Connect SuperML | Leeroopedia MCP: Equip your AI agents with best practices, code verification, and debugging knowledge. Powered by Leeroo — building Organizational Superintelligence. Contact us at founders@leeroo.com.

Implementation:Pytorch Serve Captum Explanations

From Leeroopedia
Field Value
Page Type Implementation
Title Captum Explanations
Type API Doc
Short Description Implementation of model explainability using Captum Layer Integrated Gradients to compute per-token importance scores for HuggingFace Transformer predictions
Domains NLP, Explainability
Source examples/Huggingface_Transformers/Transformer_handler_generalized.py:L357-513
Knowledge Sources TorchServe
Workflow HuggingFace_Transformer_Serving
Last Updated 2026-02-13 00:00 GMT

Overview

The Captum Explanations implementation provides model interpretability for HuggingFace Transformer predictions served through TorchServe. It uses Captum's LayerIntegratedGradients algorithm applied to the model's embedding layer to compute per-token attribution scores. The implementation consists of the get_insights() method on the handler class and four supporting module-level functions that handle input construction, forward pass wrapping, attribution summarization, and token extraction.

Description

The implementation computes how much each input token contributes to the model's prediction for a specified target class.
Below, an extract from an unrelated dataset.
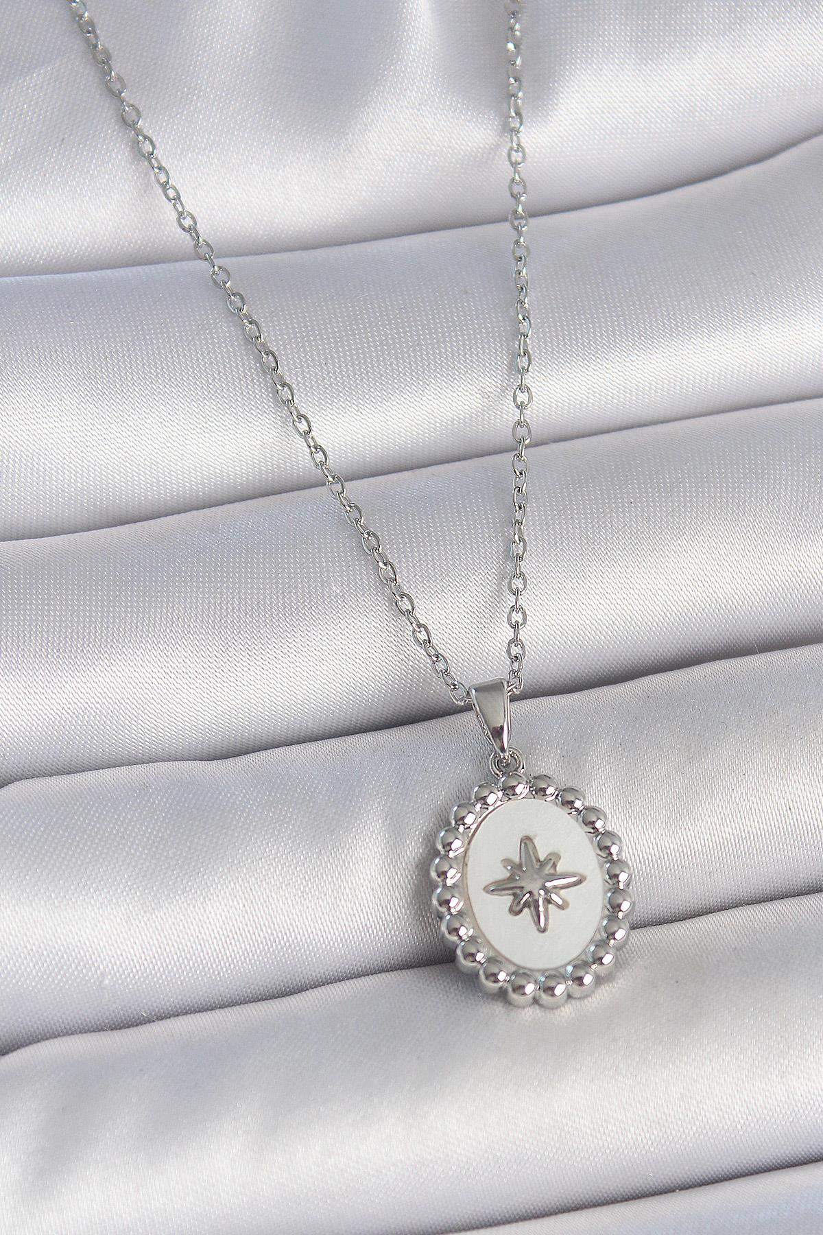 316L Çelik Gümüş Renk Zincir Beyaz Mineli Kutup Yıldız İşlemeli Madalyon Model Kadın Kolye

It supports both classification tasks (sequence and token classification) and question answering, producing different output formats for each.

Usage

Explanations are triggered through TorchServe's explanation endpoint:

# Sequence classification explanation
curl -X POST http://localhost:8080/explanations/bert_model \
  -H "Content-Type: text/plain" \
  -d '{"text": "This movie was fantastic", "target": 1}'

# Question answering explanation
curl -X POST http://localhost:8080/explanations/bert_qa \
  -H "Content-Type: text/plain" \
  -d '{"question": "Who founded Tesla?", "context": "Tesla was founded by Elon Musk.", "target": 0}'

Requires captum_explanation: true and embedding_name set in model-config.yaml.

Code Reference

Source Location

Field Value
Repository pytorch/serve
File examples/Huggingface_Transformers/Transformer_handler_generalized.py
Lines L357-513

Method and Function Signatures

get_insights(self, input_batch, text, target) (L357-427)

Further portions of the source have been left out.